Imperial IC3RE mines cryptocurrency technology for wider benefits

Researchers at Imperial College are investigating applying the technology behind cryptocurrency, such as Bitcoin, for wider benefits.

The new Imperial College Centre for Cryptocurrency Research and Engineering (IC3RE) will explore how the technology can have applications beyond digital currency.

Imperial IC3REIt has received seed funding from Imperial’s Faculty of Engineering and Department of Computing, and there is also a research grant from the Engineering and Physical Sciences Research Council.

Applying this technology to other transactions such as keeping track of property ownership “could revolutionise how governments and businesses operate and how citizens carry out their lives” it says.

Professor William Knottenbelt, Director of the Cryptocurrency Centre, said:

“We are on the brink of the next digital revolution. The College is in a unique position to harness the potential of the technology that currently powers cryptocurrencies.”

“Just as the industrial revolution and the internet spawned innovation, so too will this technology, opening the doors for new business models to be developed and helping existing companies improve the way they do business and the way communities live their lives.”

Possible benefits? A couple of examples are cited by Imperial.
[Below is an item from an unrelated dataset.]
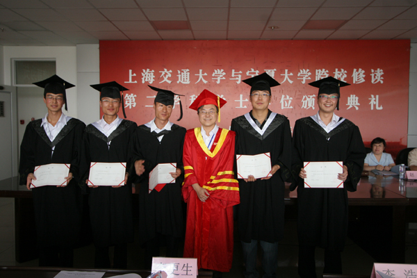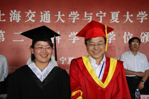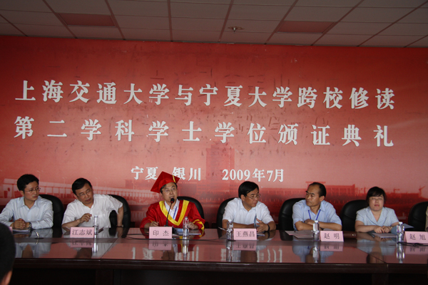 上海交通大学教务处处长江志斌教授宣读了学位授予名单和对跨校修读上海交通大学第二学科学士学位2009届优秀毕业生的表彰决定。印杰教授为获得上海交通大学第二学科学士学位的同学颁发学位证书并拨流苏。同时为获得优秀毕业生的杨仟等五位同学颁发了获奖证书和奖金。学生代表冶永伟代表全体获得学位证书的同学发表了毕业感言。

In the finance industry, says the university, reconciliation exercises between banks – comparing records of transactions to determine discrepancies – could happen more rapidly and securely using a distributed ledger.

Distributed ledgers could also enable traders in precious commodities to authenticate the origin of precious stones such as diamonds, it says.

A multi-disciplinary team at the Centre will carry out the underpinning technology, design and social research with governments and industrym, with the aim to enable its smooth transition into the wider economy.

Dr Catherine Mulligan, Assistant Director of the Centre, comments:

“Cryptocurrencies have shown us that we do not need a third party – a middleman – to successfully process transactions between users. It can all be done digitally by a distributed computer network secured by cryptography, which makes transactions much more resistant to fraud.”

“Many financial institutions are focusing on how they could use distributed ledgers to improve banking, but we feel the potential applications are much broader and far-reaching. It could spawn completely new modes of doing business. The opportunities are limitless and work at the Centre aims to make the adoption of distributed ledger technology by society as smooth as possible.”